Copy the entries below word for word, minus the pictures.

Entries taken from a collection
##############################
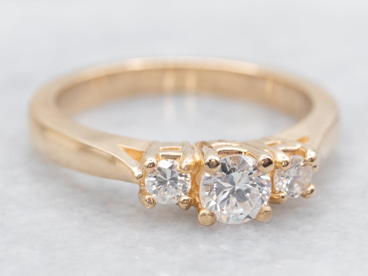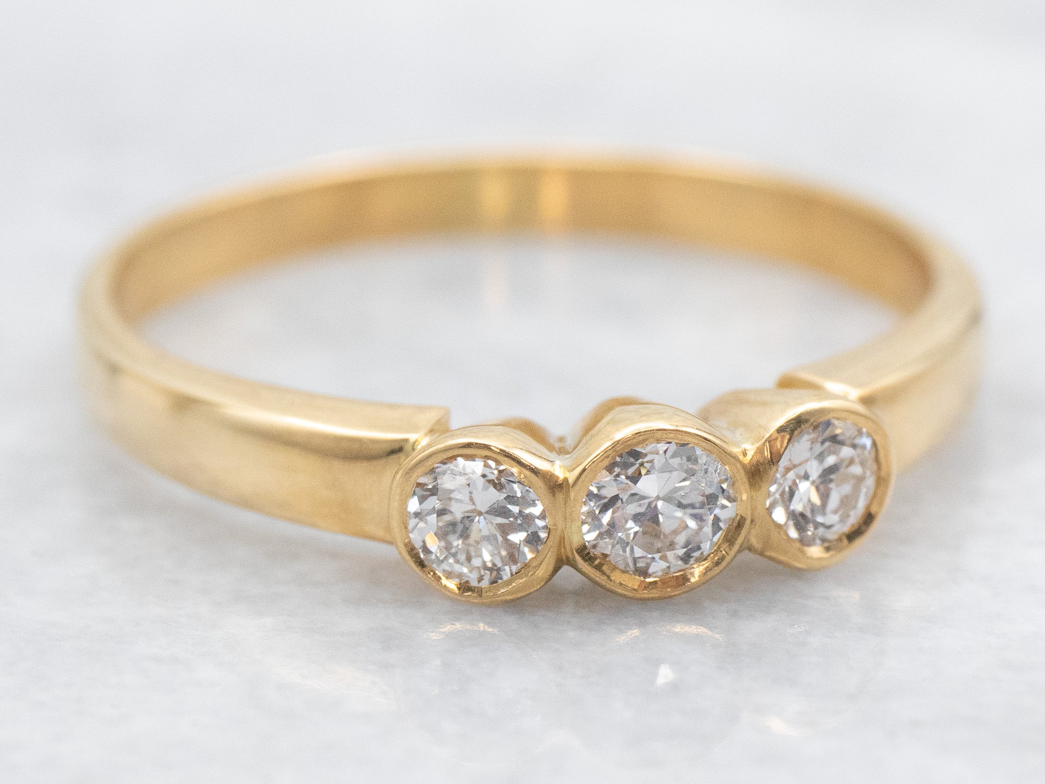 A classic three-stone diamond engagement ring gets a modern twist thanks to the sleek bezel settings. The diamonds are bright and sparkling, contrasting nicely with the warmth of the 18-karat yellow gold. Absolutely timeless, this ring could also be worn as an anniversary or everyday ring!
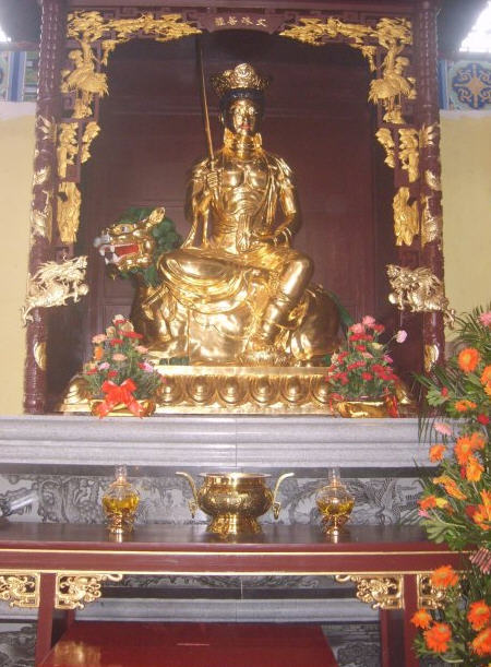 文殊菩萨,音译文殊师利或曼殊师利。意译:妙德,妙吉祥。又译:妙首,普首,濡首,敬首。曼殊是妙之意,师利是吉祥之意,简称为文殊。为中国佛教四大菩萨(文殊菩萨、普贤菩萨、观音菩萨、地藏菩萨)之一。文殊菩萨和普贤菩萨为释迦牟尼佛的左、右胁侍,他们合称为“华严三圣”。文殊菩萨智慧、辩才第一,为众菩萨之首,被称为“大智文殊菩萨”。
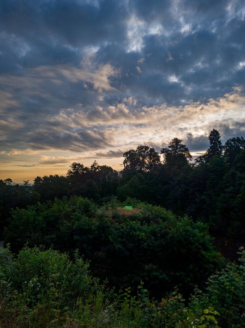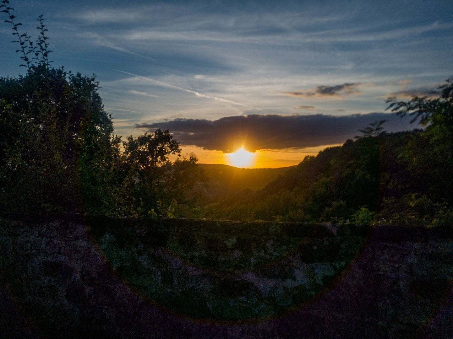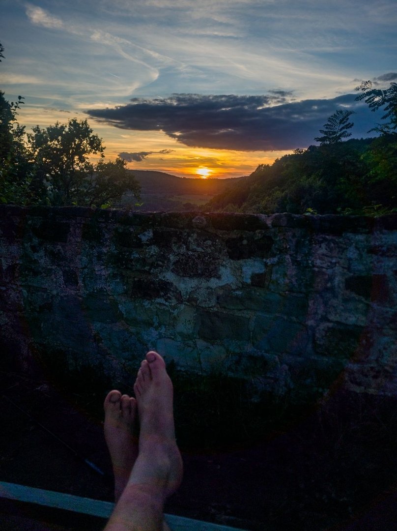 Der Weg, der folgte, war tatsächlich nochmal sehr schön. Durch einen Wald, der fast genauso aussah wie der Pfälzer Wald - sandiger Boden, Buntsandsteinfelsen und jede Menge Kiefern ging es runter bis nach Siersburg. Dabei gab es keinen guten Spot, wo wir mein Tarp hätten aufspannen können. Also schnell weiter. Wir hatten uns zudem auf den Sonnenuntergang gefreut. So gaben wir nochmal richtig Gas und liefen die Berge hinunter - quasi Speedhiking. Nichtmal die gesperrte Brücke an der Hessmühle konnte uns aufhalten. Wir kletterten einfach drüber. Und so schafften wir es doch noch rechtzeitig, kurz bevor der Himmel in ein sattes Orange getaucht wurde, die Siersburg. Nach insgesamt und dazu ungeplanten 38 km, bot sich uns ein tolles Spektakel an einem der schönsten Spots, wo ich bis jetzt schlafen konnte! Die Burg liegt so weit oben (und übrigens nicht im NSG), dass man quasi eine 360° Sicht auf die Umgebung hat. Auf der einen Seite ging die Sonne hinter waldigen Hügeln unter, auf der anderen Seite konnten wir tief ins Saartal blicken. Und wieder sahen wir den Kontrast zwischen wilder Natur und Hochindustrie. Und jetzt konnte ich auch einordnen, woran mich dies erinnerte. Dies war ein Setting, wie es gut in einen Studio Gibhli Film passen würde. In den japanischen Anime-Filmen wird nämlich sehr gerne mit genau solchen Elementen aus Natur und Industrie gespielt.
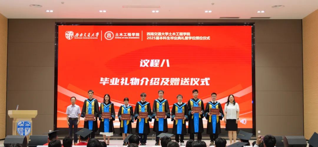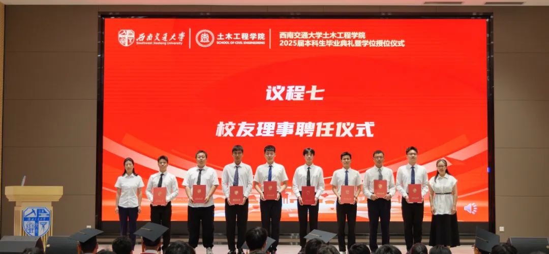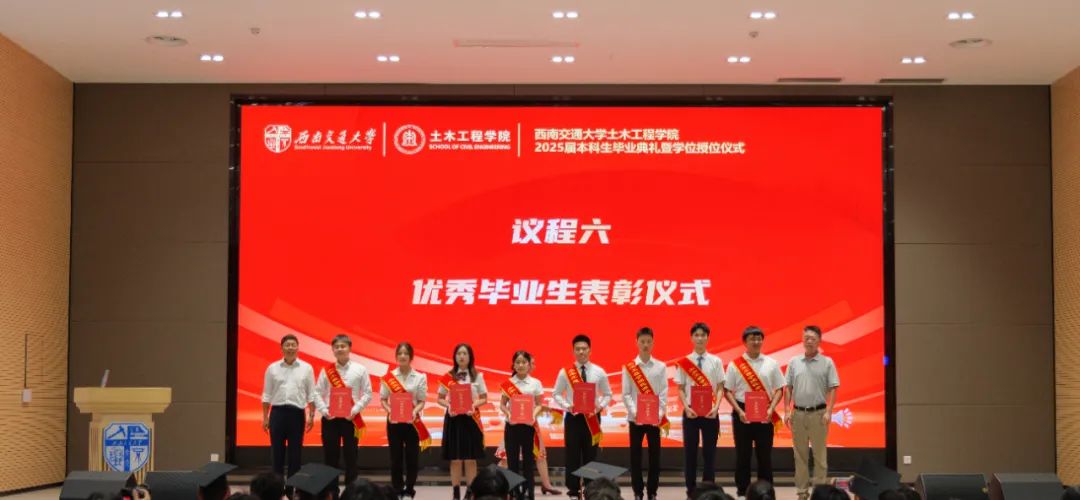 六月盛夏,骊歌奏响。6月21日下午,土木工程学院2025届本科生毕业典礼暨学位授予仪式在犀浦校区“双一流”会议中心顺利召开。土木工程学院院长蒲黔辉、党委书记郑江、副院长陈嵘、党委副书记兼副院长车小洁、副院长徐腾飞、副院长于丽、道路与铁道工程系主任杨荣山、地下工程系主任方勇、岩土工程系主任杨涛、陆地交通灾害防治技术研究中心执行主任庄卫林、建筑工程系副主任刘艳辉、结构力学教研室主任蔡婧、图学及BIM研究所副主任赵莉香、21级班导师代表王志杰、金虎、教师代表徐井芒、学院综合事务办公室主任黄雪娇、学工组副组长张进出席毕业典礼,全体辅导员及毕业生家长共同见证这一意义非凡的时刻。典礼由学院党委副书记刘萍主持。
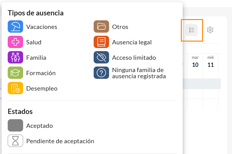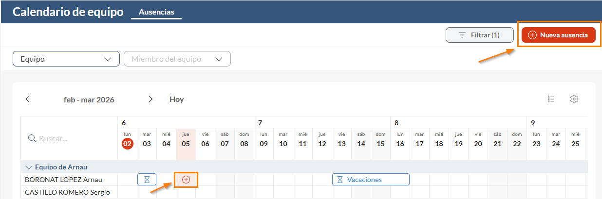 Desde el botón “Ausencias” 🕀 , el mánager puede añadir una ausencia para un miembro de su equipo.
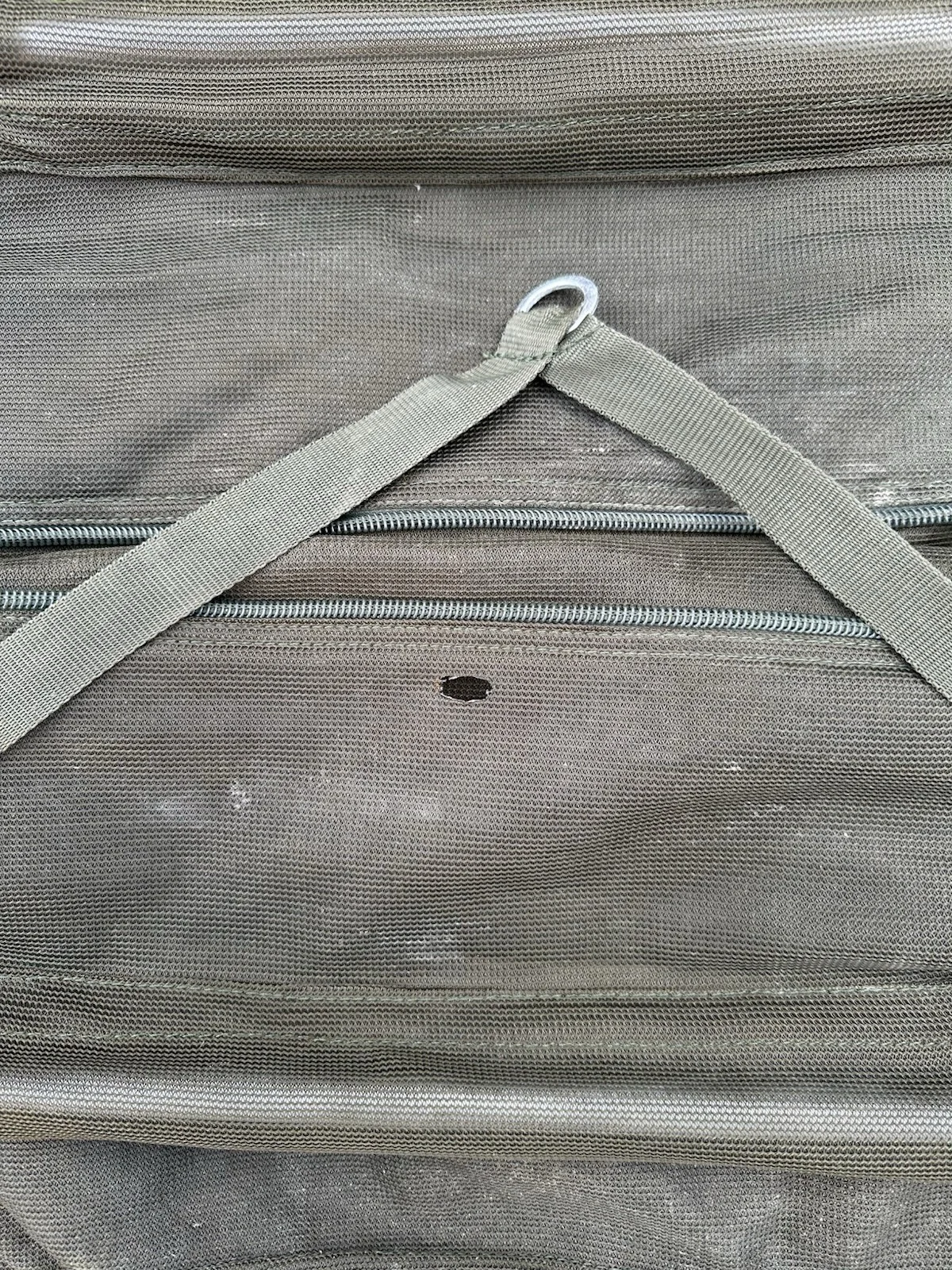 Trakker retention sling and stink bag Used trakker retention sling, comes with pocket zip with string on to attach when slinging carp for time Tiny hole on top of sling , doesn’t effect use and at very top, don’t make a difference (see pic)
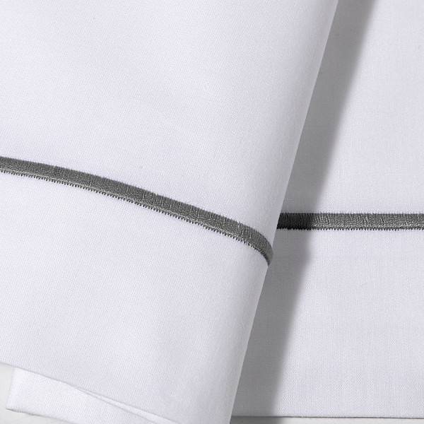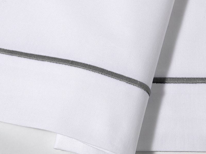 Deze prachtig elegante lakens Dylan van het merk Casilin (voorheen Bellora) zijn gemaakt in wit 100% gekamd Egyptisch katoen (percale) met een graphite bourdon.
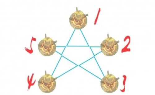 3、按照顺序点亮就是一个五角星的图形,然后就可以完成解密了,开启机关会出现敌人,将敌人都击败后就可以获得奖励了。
##############################
● Answer to this problem:
 A classic three-stone diamond engagement ring gets a modern twist thanks to the sleek bezel settings. The diamonds are bright and sparkling, contrasting nicely with the warmth of the 18-karat yellow gold. Absolutely timeless, this ring could also be worn as an anniversary or everyday ring!
 文殊菩萨,音译文殊师利或曼殊师利。意译:妙德,妙吉祥。又译:妙首,普首,濡首,敬首。曼殊是妙之意,师利是吉祥之意,简称为文殊。为中国佛教四大菩萨(文殊菩萨、普贤菩萨、观音菩萨、地藏菩萨)之一。文殊菩萨和普贤菩萨为释迦牟尼佛的左、右胁侍,他们合称为“华严三圣”。文殊菩萨智慧、辩才第一,为众菩萨之首,被称为“大智文殊菩萨”。
 Der Weg, der folgte, war tatsächlich nochmal sehr schön. Durch einen Wald, der fast genauso aussah wie der Pfälzer Wald - sandiger Boden, Buntsandsteinfelsen und jede Menge Kiefern ging es runter bis nach Siersburg. Dabei gab es keinen guten Spot, wo wir mein Tarp hätten aufspannen können. Also schnell weiter. Wir hatten uns zudem auf den Sonnenuntergang gefreut. So gaben wir nochmal richtig Gas und liefen die Berge hinunter - quasi Speedhiking. Nichtmal die gesperrte Brücke an der Hessmühle konnte uns aufhalten. Wir kletterten einfach drüber. Und so schafften wir es doch noch rechtzeitig, kurz bevor der Himmel in ein sattes Orange getaucht wurde, die Siersburg. Nach insgesamt und dazu ungeplanten 38 km, bot sich uns ein tolles Spektakel an einem der schönsten Spots, wo ich bis jetzt schlafen konnte! Die Burg liegt so weit oben (und übrigens nicht im NSG), dass man quasi eine 360° Sicht auf die Umgebung hat. Auf der einen Seite ging die Sonne hinter waldigen Hügeln unter, auf der anderen Seite konnten wir tief ins Saartal blicken. Und wieder sahen wir den Kontrast zwischen wilder Natur und Hochindustrie. Und jetzt konnte ich auch einordnen, woran mich dies erinnerte. Dies war ein Setting, wie es gut in einen Studio Gibhli Film passen würde. In den japanischen Anime-Filmen wird nämlich sehr gerne mit genau solchen Elementen aus Natur und Industrie gespielt.
 六月盛夏,骊歌奏响。6月21日下午,土木工程学院2025届本科生毕业典礼暨学位授予仪式在犀浦校区“双一流”会议中心顺利召开。土木工程学院院长蒲黔辉、党委书记郑江、副院长陈嵘、党委副书记兼副院长车小洁、副院长徐腾飞、副院长于丽、道路与铁道工程系主任杨荣山、地下工程系主任方勇、岩土工程系主任杨涛、陆地交通灾害防治技术研究中心执行主任庄卫林、建筑工程系副主任刘艳辉、结构力学教研室主任蔡婧、图学及BIM研究所副主任赵莉香、21级班导师代表王志杰、金虎、教师代表徐井芒、学院综合事务办公室主任黄雪娇、学工组副组长张进出席毕业典礼,全体辅导员及毕业生家长共同见证这一意义非凡的时刻。典礼由学院党委副书记刘萍主持。
 Desde el botón “Ausencias” 🕀 , el mánager puede añadir una ausencia para un miembro de su equipo.
 Trakker retention sling and stink bag Used trakker retention sling, comes with pocket zip with string on to attach when slinging carp for time Tiny hole on top of sling , doesn’t effect use and at very top, don’t make a difference (see pic)
 Deze prachtig elegante lakens Dylan van het merk Casilin (voorheen Bellora) zijn gemaakt in wit 100% gekamd Egyptisch katoen (percale) met een graphite bourdon.
 3、按照顺序点亮就是一个五角星的图形,然后就可以完成解密了,开启机关会出现敌人,将敌人都击败后就可以获得奖励了。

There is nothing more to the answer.